Additional information concerning factors that could cause results to differ
materially from those in the forward looking statements is contained in the
Company's filings with the U.S. Securities and Exchange Commission including the
Company's periodic reports on Form 8-K filed during 2003, the Company's annual
report on Form 10-K for the year ended December 31, 2002, and the company's
quarterly report on Form 10-Q for the period ended March 31, 2003.

Item 7.  Financial Statements and Exhibits.

   DESIGNATION      DESCRIPTION
   -----------      -----------


     99.1           Press release announcing signing of a Memorandum of
                    Understanding to acquire 100% ownership interest in OOO
                    Sibchallenge Telecom and 100% of the issued and outstanding
                    shares of ZAO Tel.



                                   SIGNATURES

    Pursuant to the requirements of the Securities Exchange Act 1934, the
registrant has duly caused this report to be signed on its behalf by the
undersigned, thereunto duly authorized.

                                   GOLDEN TELECOM, INC.
                                   (Registrant)
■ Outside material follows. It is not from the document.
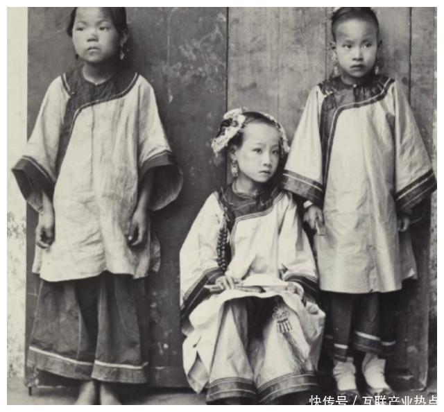 该照片拍摄于晚清时期的一个富裕家庭,照片中的三个女孩年龄相仿,但待遇却天差地别。中间坐着的大户人家的小姐,两侧的站着的则是小女孩的贴身丫鬟。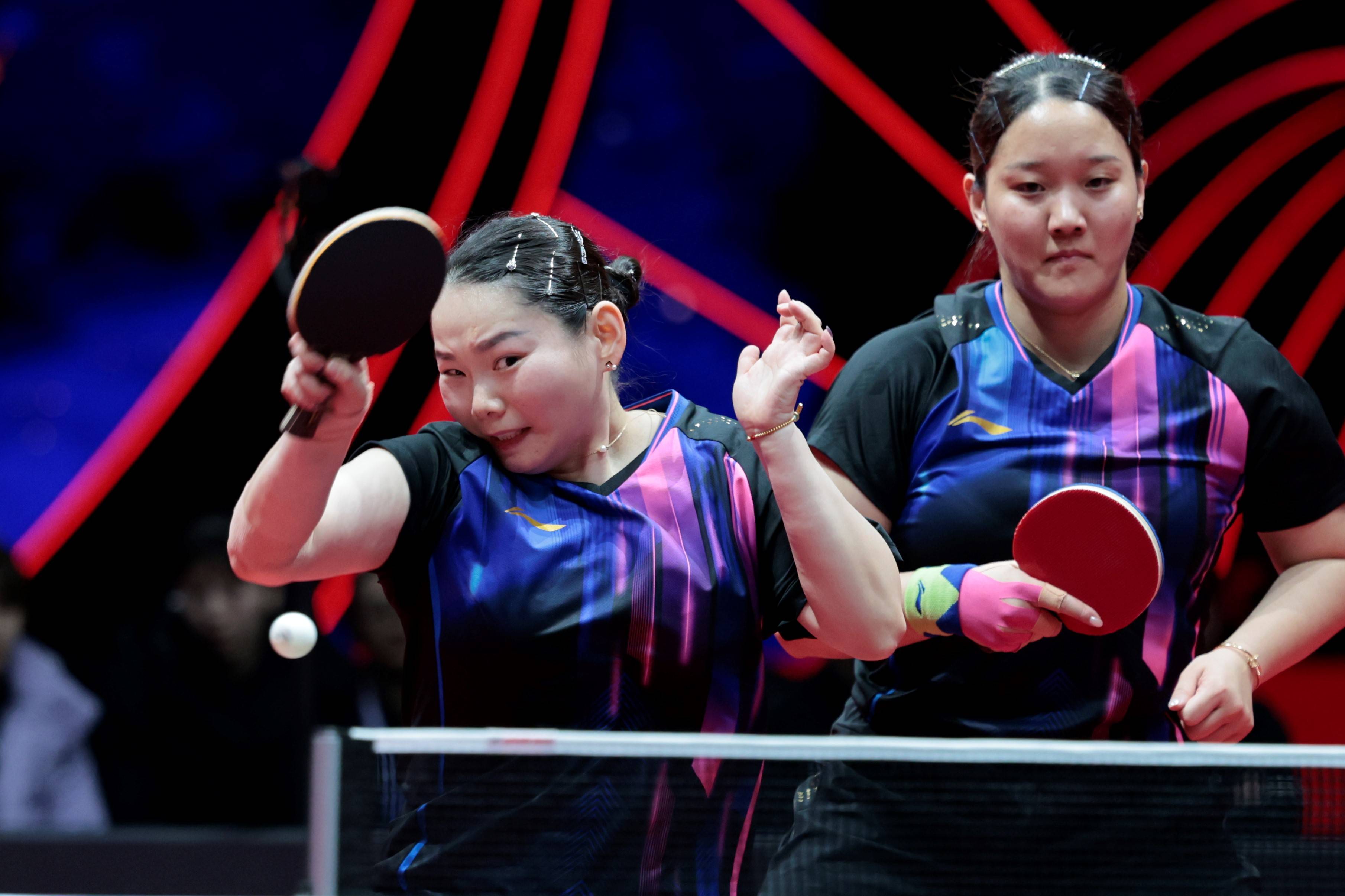 12月26日,上海龙腾队组合孙铭阳/何卓佳(左)在女双比赛中。她们2比3不敌深圳大学队组合覃予萱/平野美宇。 新华社发(刘臻睿摄)

                                   By: /s/ DAVID STEWART
                                       ----------------------------------------
                                   Name:  David Stewart
                                   Title: Chief Financial Officer and Treasurer
                                          (Principal Financial Officer)

Date:  June 3, 2003



                               INDEX TO EXHIBITS



EXHIBIT NUMBER      DESCRIPTION
--------------      -----------


    99.1            Press release announcing signing of a Memorandum of
                    Understanding to acquire 100% ownership interest in OOO
                    Sibchallenge Telecom and 100% of the issued and outstanding
                    shares of ZAO Tel.